Obstacle avoidance is an ideal application for event cameras, because there are many situations where a traditional frame-based digital camera would struggle. This may be due to motion blur, a slow frame rate or poor dynamic range. Unfortunately, event streams are incompatible with most existing computer vision and machine learning approaches. Due to the nature of the input data, many event-based approaches focus on 2D solutions and rely on heuristics to determine collision risk. In this project, we instead look at 3D perception using events. The events were used to predict optical flow without being subject to poor low-light performance and motion blur. We showed that combining this with depth data enables prediction of metric time-to-impact estimation which is a more reliable measure of urgency. To facilitate training this network, we also released an extensive event-based dataset with six visual streams spanning over 700 scanned scenes.

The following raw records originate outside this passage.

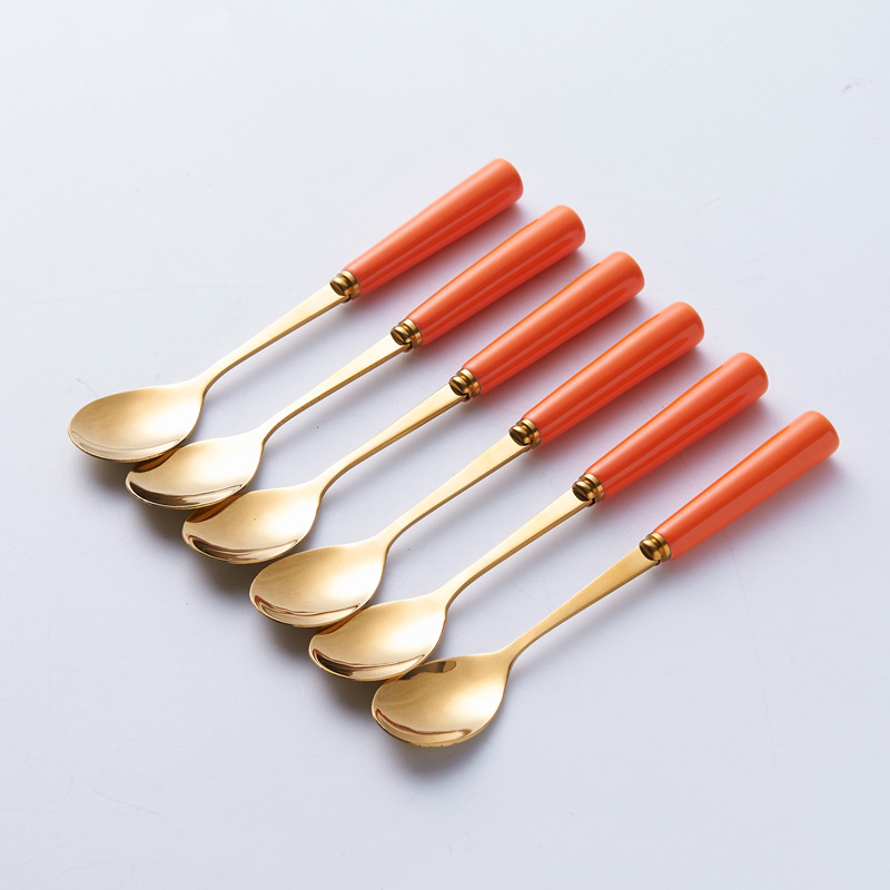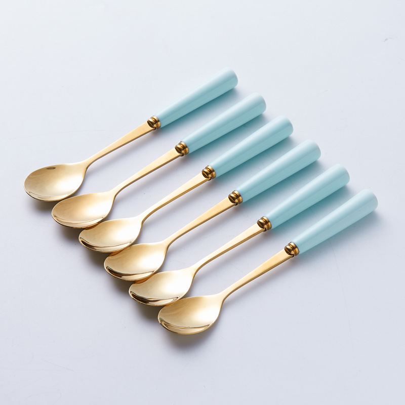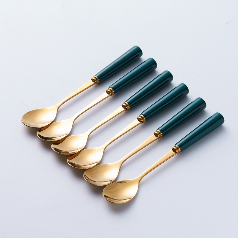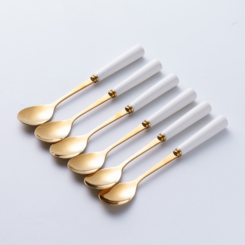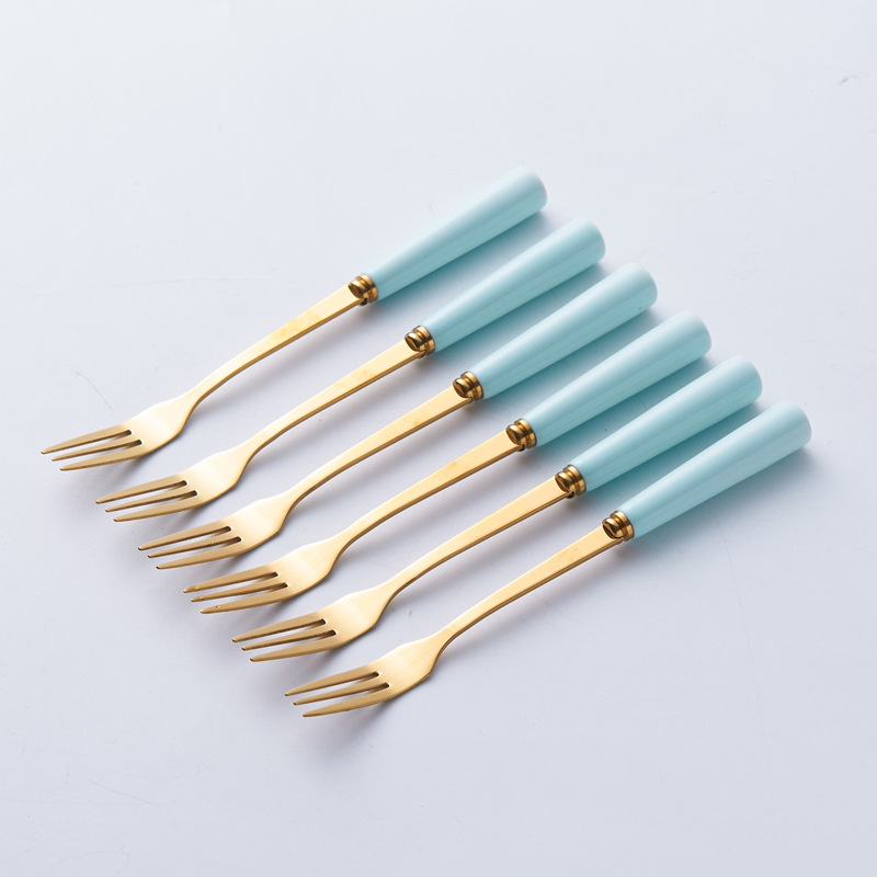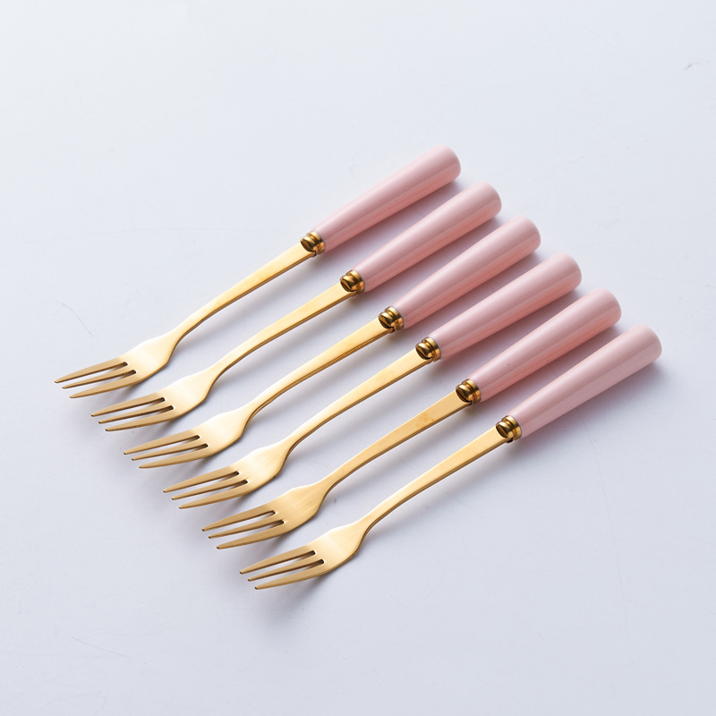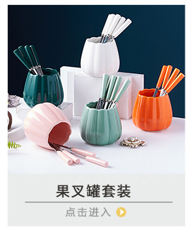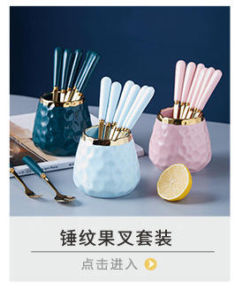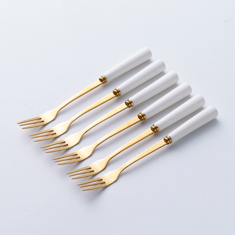 북유럽 과일 포크와 스푼 가정용 스테인레스 스틸 과일 선택 커피 스푼 세라믹 저장 용기 세트 하이 엔드 월병 나이프와 포크스토어 가기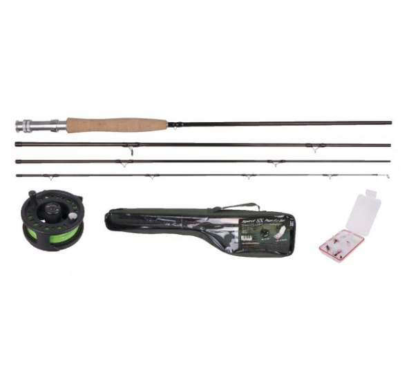 Muškařský set. Obsahuje muškařský prut AFTMA 5-6, naviják se šňůrou fluorozelené barvy a praktickou krabičkou sněkolika muškami. Zahrnuje: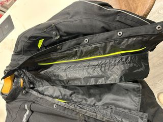 Talla L Chaqueta de moto de estilo touring, con un diseño largo de 3/4. Combinación de colores negro y amarillo. Confeccionada con poliéster 600D Triple capa con membrana impermeable y forro térmico desmontable 100% impermeable y apta para bajas temperaturas Tejido exterior de alta resistencia Ventilaciones en la parte delantera y trasera para una mayor transpiración Ajustable en mangas y cintura Reflectante para mejor visibilidad Incluye protecciones CE en codos y hombros, además de un bolsillo para espaldera para mayor seguridad y protección.
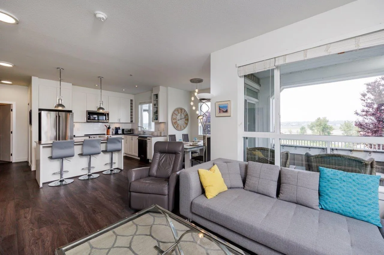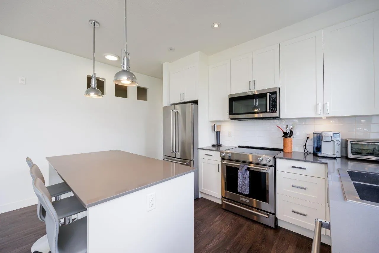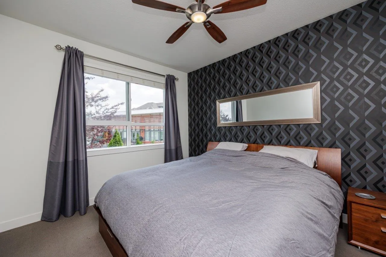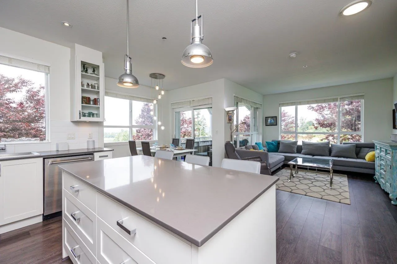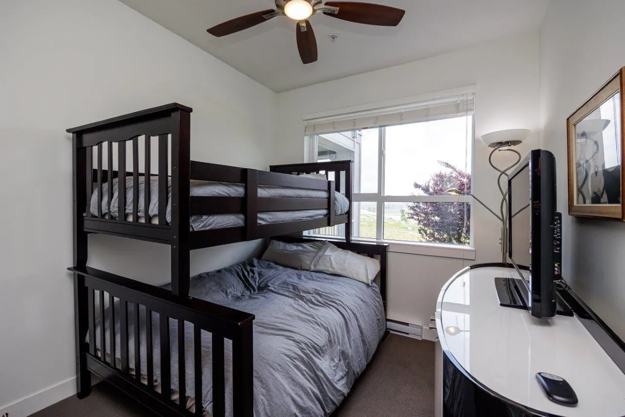 This furnished Surrey condo for rent in Cloverdale offers modern luxuries within a charming countryside lifestyle. With a spacious 1078 Sqft. floor plan, this corner suite boasts 2 bedrooms plus a den and 2 bathrooms, providing ample space for you and your loved ones. Step onto the balcony and immerse yourself in the breathtaking panoramic views of the surrounding farms. The serenity and tranquility of this location will truly captivate you. Inside, you'll find a range of exquisite features that will make you feel right at home. The kitchen showcases elegant granite/stone/quartz countertops and stainless-steel appliances, ensuring a stylish and functional cooking space. The master bedroom is fit for royalty, featuring a king-size bed, a walk-in closet, and a private bathroom. (id:27476)
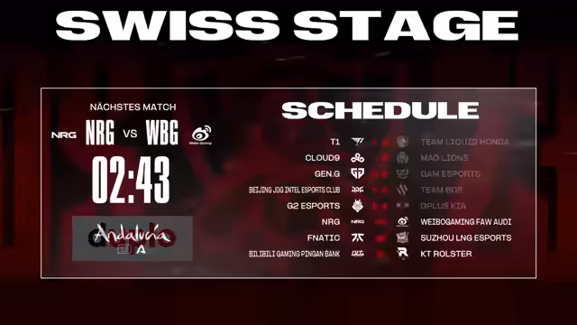 07:55:46Es wurde über das Star-Roster gesprochen, insbesondere über Spieler wie Tarsan, Gala und Scout aus der LPL. Trotz starker Gegner gibt es für europäische Teams in der Swiss Stage Wege, zunächst auf einfachere Gegner zu treffen. Fnatic befindet sich nun im 0-1er-Bracket, zusammen mit BDS und Mad Lions, während D-Plus als einziges koreanisches Team dort vertreten ist. Nach dem nächsten Spiel wird ein weiteres asiatisches Team hinzukommen. Es wurde die Möglichkeit diskutiert, dass europäische Teams sich gegenseitig eliminieren könnten, was in Best-of-One-Spielen besonders unangenehm wäre. Abschließend wurde humorvoll gefragt, wie man die Wörter 'Sahnehering' und 'Plusquamperfekt' in den Cast einbauen könnte, gefolgt von weiteren ungewöhnlichen Begriffen. Nach einer kurzen Pause folgt das letzte Spiel des Tages.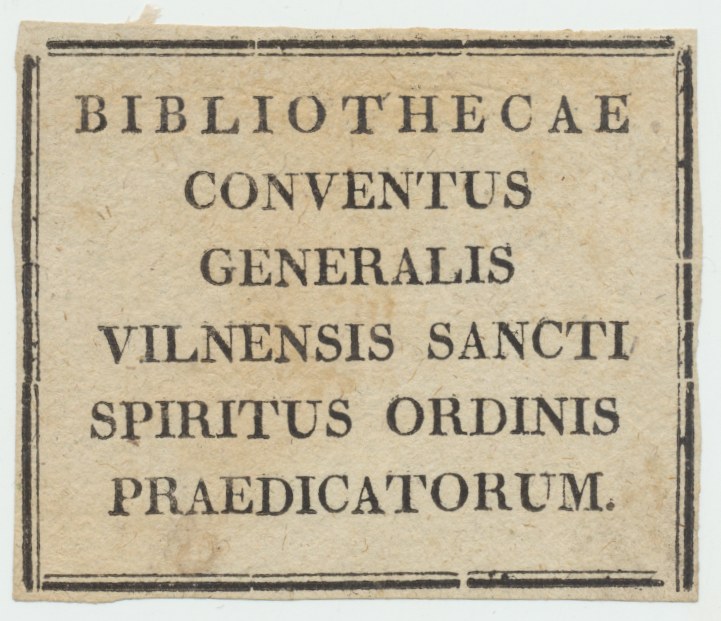 Ex libris z biblioteki konwentu wileńskiego Świętego Ducha.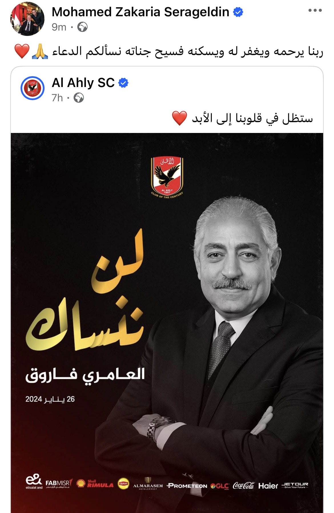 أحيا محمد سراج الدين، عضو مجلس إدارة النادي الأهلي سابقا، ذكرى رحيل العامري فاروق نائب رئيس القلعة الحمراء الأسبق.
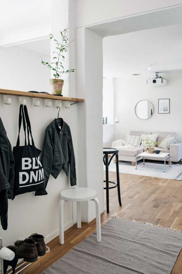 Однако для дизайна маленького коридора шкаф-купе не актуален. На его замену «приходит» пара крючков, зеркало на уровне глаз, небольшая обувница. Под зеркалом можно поместить полочку, тумбочку для мелочей, ключей и сумок.

The second step in the project was to tackle the paradigm of event quantisation for training traditional neural networks. Although neural networks for visual tasks are somewhat well-established, digital 'neurons' are a very loose approximation of biological neurons. Spiking neural networks seek to more closely emulate biological neurons, but are especially difficult to train for tasks which predict a high-resolution output. We developed a new type of neural network called an EDeNN which operates closer to the original event data stream, and avoids difficulties related to training spiking neural networks. Instead of processing an entire volume of accumulated events at once, our method is able to process single time slices sequentially. This results in an order of magnitude less processing time, while still demonstrating state-of-the-art performance in angular velocity regression and competitive optical flow estimation. We hope that the toolbox we have created for training EDeNNs will become the de-facto standard for performing machine learning with event cameras in the future, and will lead to a rapid growth of applications in this area.

Stage 3 of the project utilised and extended this toolbox to work for reinforcement learning. Building on our developed EDeNN, we developed a framework that utilised event data in simulated environments to train agents with reinforcement learning. By tackling event quantisation in the same manner as for supervised EDeNNs, we are able to treat experience in these environments as continuous-time. This meant we could take samples of varying length, which may depend on the information density in a particular situation. This step also involved creating a simulator to generate event streams from any existing renderable environment.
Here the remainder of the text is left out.